Because We Work With Children
At work, it seems the kitchen is always a battleground. Not only do people steal each other’s creamer or entire lunches – even groceries – cleanliness is an issue. People leave befouled utensils and dishes in the sink as if they will magically cleanse themselves. I asked a male colleague why this occurs. He said, “Because we work with children.” He didn’t mean their physical age.
God love the women who install workplace signs like, “Your Mother Doesn’t Work Here.Do Your Dishes.” Otherwise-likeable people in offices everywhere “soak” their dishes in the only sink big enough for lactating employees to rinse their breast pumps. Once I taped up a laminated medical photo of multiplying bacteria in a wordless volley on behalf of the breast-feeders. Someone removed it (as another sign in my condo recently warned, “We don’t know who…YET!”) because, apparently, the sign-remover thought it gross. Look in the sink, pally. There’s your gross.
It’s just another terrible example of how mankind has made little progress. We’ve killed each other differently over time, from spears to boiling oil to nerve gas to WMD, but we are still murdering each other and taking each other’s stuff and many, many of us won’t pull our own weight. Not to mention the littering.
I realize there are brain health issues. Some people are just barmy. And for most of my adult life I had neither a dishwasher nor washing machine and I promise you those items make a BIG difference, and it’s one reason why many peoples of the lands hate Americans. We don’t have dysentery every Thursday or have to beat our clothes with rocks, riverside.

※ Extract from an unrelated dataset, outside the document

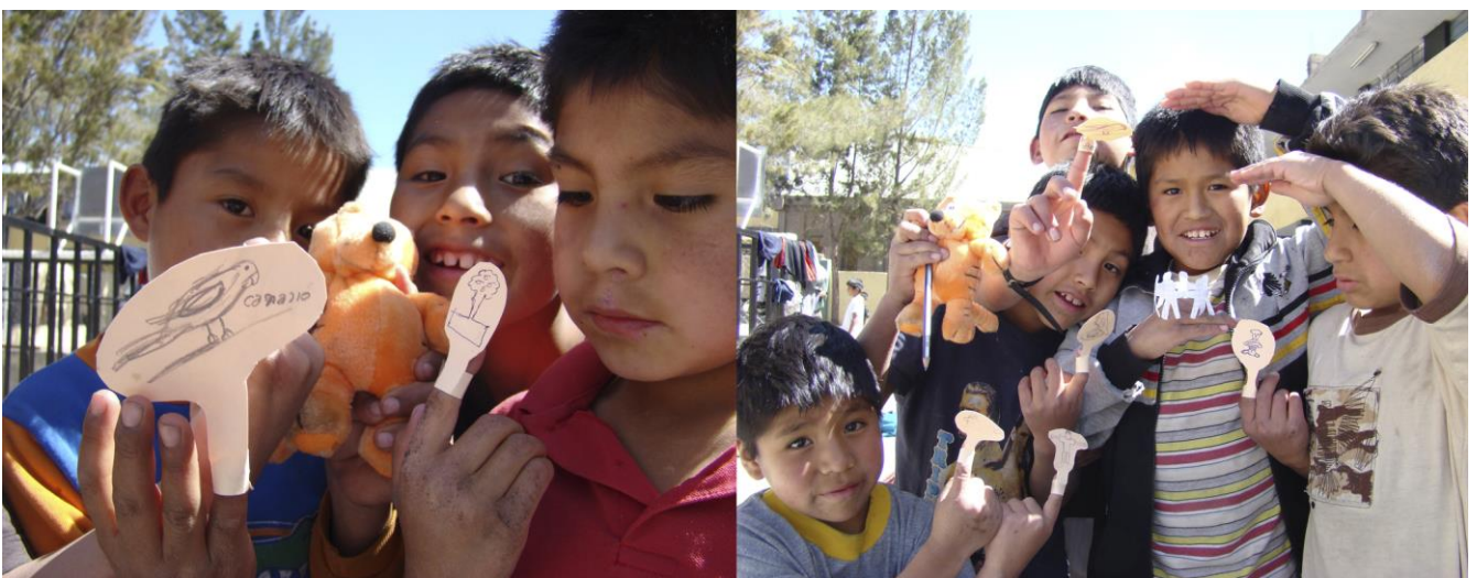
Fig. 4 y 5. Talleres de títeres de dedo, 2006. Sumac Wasi de Santo Tomás de Aquino. Arequipa (Perú). Ong de referencia: Setem Andalucía. Ong de acogida: Circa.

Sumac Wasi es un término quechua que significa " Casa Bonita " y son residencias donde se alberga a recién nacidos, niños, niñas y jóvenes desprotegidos. Son orfanatos pertenecientes a CIRCA que son un total de ocho, en estos centros se les proporciona alimento, educación, ropa y una orientación en valores. Se fomenta la autodisciplina en su formación para forjar su personalidad.

They resent our easy lives, if in part only because they don’t know how crazy we are. I understand because I have struggled in my life on many occasions and I resent handsome, moneyed, model-marrying quarterbacks, golfers, and rock stars, and the models themselves who had to work even less hard. Some say, “Oh, the life of a pro golfer is extremely difficult.” Try custodial work, my good man.
My point being some people are bonkers, and some are resentful and devoid of hope; this discourages them from making an effort. I get that. But there’s a big difference between quietly begrudging the people with charmed lives, and making a disastrous mess out of the corner of the world you share with others because you’re deranged or angry.
Mercifully, there are many good people. A stranger once said to me, “Most people are good. The bad people are noisy and obvious in their destruction so it seems there is a lot of them. Really, there are only a few bad people doing all the bad things.” Repeat offenders, I guess. So I take solace in that good people are quietly stoking their woodstoves and paying their rent and raising gentle citizens and shoveling their neighbors’ driveways. There are countless individuals doing decent things you’ll never hear about. If you are feeling bad about humanity, think on that. I’ll ponder the kindly employee at my gym who washed dozens of water bottles in Lost & Found and put them out for their owners to claim. She didn’t have to wash them. She did.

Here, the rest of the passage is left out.